2.2. Determination of Aperture Localization
Cellular mechanisms and the position of cellular components involved in aperture formation in the microspores were explored early in the 20th century by Wodehouse
[44] followed by Blackmore and Crane
[45] and Ressayre et al.
[46]. They suggested that the spatial information determining aperture localization within the tetrad is provided by the last contact points persisting at the end of cytokinesis between the cytoplasms of the future microspores. Ressayre et al.
[47] proposed a model that predicts these last contact point positions between microspores. This model is based on the interaction among three meiotic characters: the type of cytokinesis, the tetrad form (which results from the respective orientation of the second meiotic axes), and the way in which callose cleavage walls are formed among the microspores. Cytokinesis type (successive/simultaneous) and tetrad form (tetragonal/rhomboidal/tetrahedral) determines the number and the spatial arrangement of cleavage walls among nuclei. The mode of cleavage wall formation (centrifugal/centripetal callose progression within a cleavage plan), associated with the number and spatial distribution of cleavage walls, and with the timing of cleavage walls formation, determines the areas where the callose is deposited last within the tetrad. These areas are the last contact points among the four microspores. Ressayre et al.
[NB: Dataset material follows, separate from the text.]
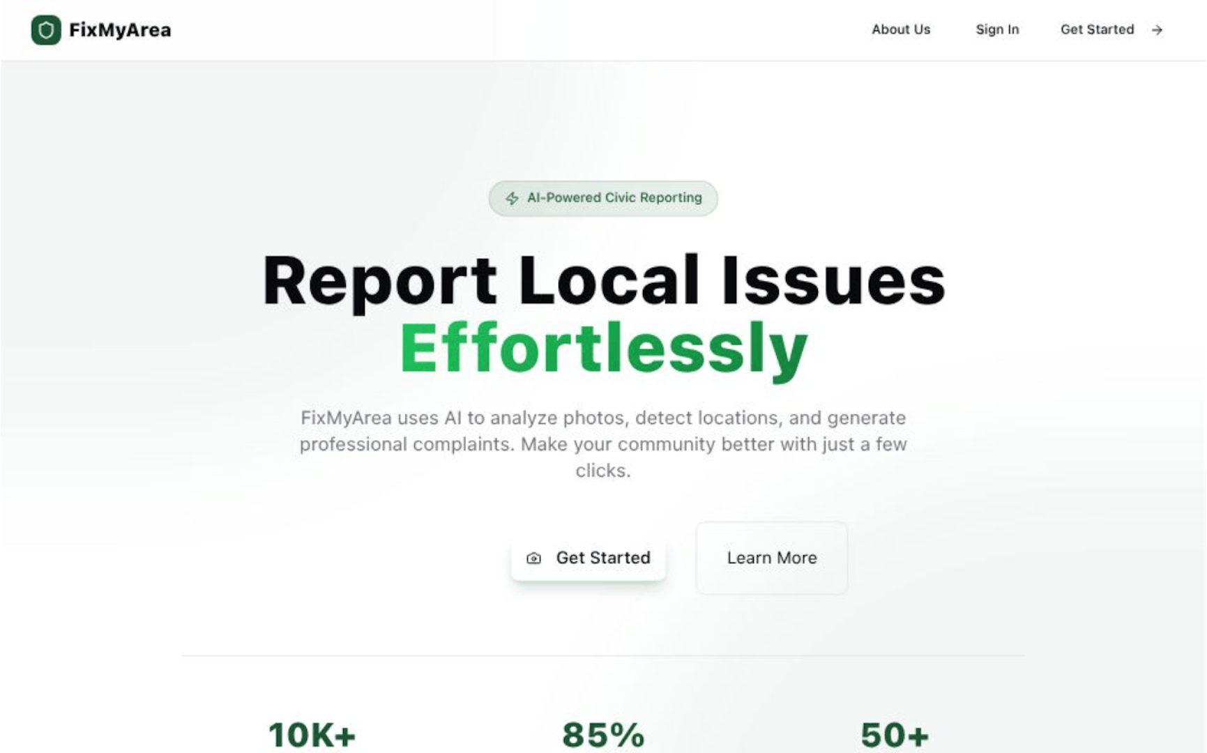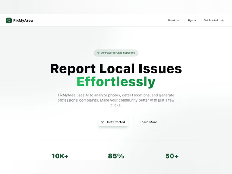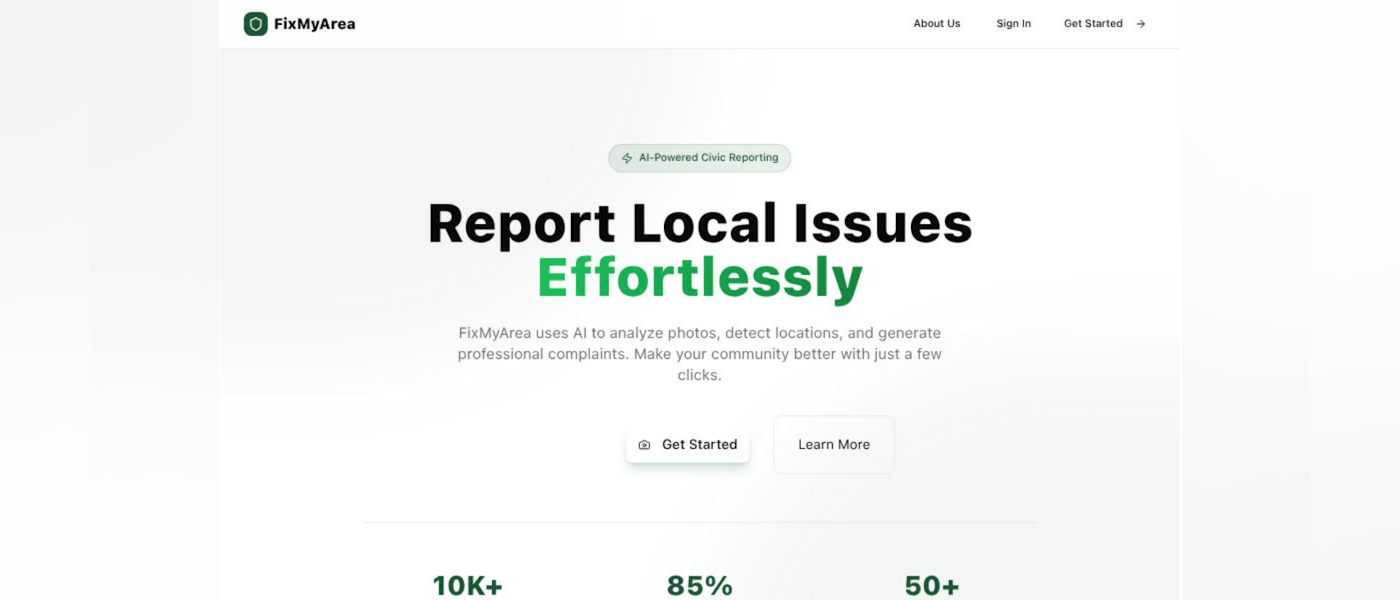 FixMyArea is an AI-powered civic issue reporting platform that allows citizens to report local problems such as potholes, garbage overflow, and water leakage by simply uploading a photo. The system automatically detects the issue type, generates a formal complaint, and routes it to the appropriate department while enabling real-time tracking and public transparency.

[47] furthermore proposed two different ways in which aperture position may be determined. In the first one, the apertures are found at these last contact points among microspores, as suggested by Wodehouse
[44] (grouped apertures), while in the second one, the apertures are centered on the distal poles of the microspores and oriented toward these last points (polar apertures)
[47]. This model accounts for the localization of apertures only when aperture number is comprised between one and four. The last contact points among microspores are potentially determined by microtubule distribution, which directs the transport of cellular components to the places where apertures should be formed
[48].
The developmental model determining aperture localization
[47] has been tested by examining the role on aperture pattern of cytokinesis, tetrad form, and callose cleavage wall formation in a large array of species with various aperture patterns.